П. Золотарев. Эдуард Аркадьевич, я хотел бы только заметить, что инвентаризация в Вооруженных Силах уже проводилась. Была такая директива. Плохо ли, хорошо ли, но все они подсчитали. В том числе выявили излишки вооружения и военной техники. Их реализация является одним из источников внебюджетных средств. Сколько поступает в карманы посредников и сколько на внебюджетный счет — это другой вопрос. Сократили и планируют дальше сокращать численность Вооруженных Сил. Беда в другом. Министерство финансов средства выделяет исходя из численности Вооруженных Сил. Поэтому от сокращения Министерство обороны ничего не выигрывает. Средств от этого не прибавляется. Прибавляются только социальные проблемы, связанные с увольнением большого числа военнослужащих.
Что касается функций Совета Безопасности, то их расширять нет необходимости. Их вполне достаточно. Они отражены в законе «О безопасности», в положении о Совете Безопасности, других документах. Другое дело, что Президент не использует в полной мере эти возможности и руководство Аппарата Совета Безопасности редко читает эти документы.

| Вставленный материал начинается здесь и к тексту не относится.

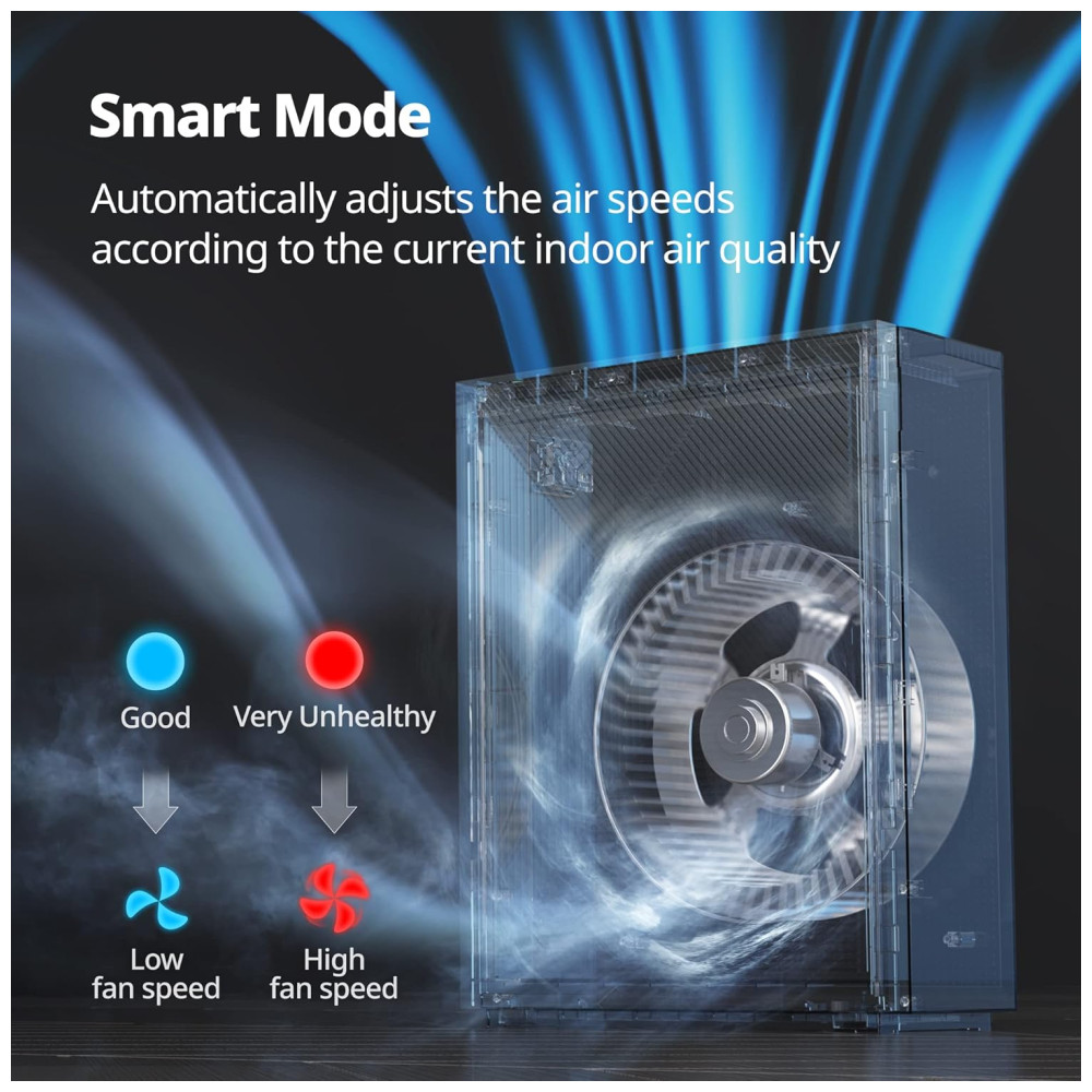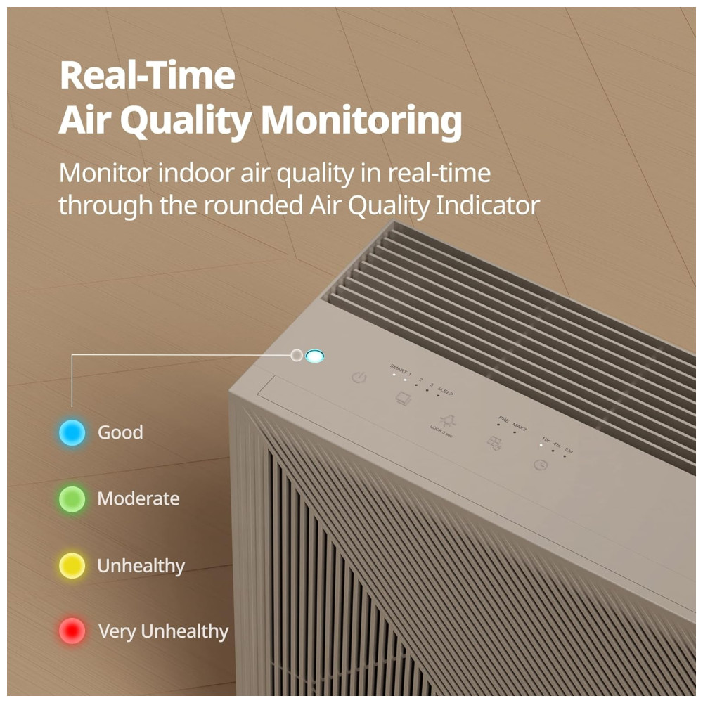 O purificador também conta com tecnologia inteligente, como um indicador de qualidade do ar em tempo real, modo automático e alerta para substituição de filtro, proporcionando um novo nível de limpeza. Com o visor Easy Touch, é possível controlar a velocidade do ventilador, a energia, a luz e a redefinição do filtro com um simples toque.

Поэтому у нас существует разрыв между принятием решений, концепций, доктрин и их реализацией. Не реализован механизм выполнения решений. До сих пор не внедрены методы программно-целевого планирования военного строительства. В результате чего даже те скудные средства, которые выделяются, тратятся неэффективно. Впрочем, это проблема не только управления процессом военного строительства, но и государственного управления в целом. По большому счету, его просто нет. Как нет и должного контроля со стороны законодательной власти. Безликая классификация бюджета тому свидетельство. В этом ключ проблемы.
М. Делягин. Я вынужден ответить, потому что, вероятно, не смог точно и понятно выразить свою мысль. Я не «за» предоставление дополнительных расходов на ГСМ. Я за то, чтобы направлять дополнительные расходы именно на то самое развитие, о котором здесь говорилось. К сожалению, Комитет по обороне, очевидно, не разделяет позицию уважаемого Эдуарда Аркадьевича, потому что, раз уж документы не секретны, то их, наверное, можно цитировать. Из этих 12,6 миллиардов рублей на текущие расходы планируется направить 10,6 миллиардов рублей. А на развитие, на закупку ОВТ — только 2 миллиарда рублей, и на НИОКР — 0. То есть это — усугубление той негативной пропорции, о которой говорил Эдуард Аркадьевич. Не исправление, а, наоборот, усугубление ее. И стратегическая позиция Комитета по обороне представляется неправильной. Что касается расходов на ГСМ, к сожалению, в сегодняшней армии это не только расходы на боевую подготовку, но и расходы на финансирование мафии. Последняя комплексная проверка расходов в силовых структурах, насколько я знаю, проводилась в 1996 году. Я имел удовольствие читать эти документы. Приведу просто геометрические пропорции: по МВД, МинЧС и прочим структурам толщина документов была примерно один сантиметр. По Министерству обороны толщина документа была 4,5 сантиметра.
Ф. Коньков. Благодарю за предоставленную возможность выступить, хотя мне, единственному присутствующему здесь провинциалу, было нелегко прорваться к микрофону.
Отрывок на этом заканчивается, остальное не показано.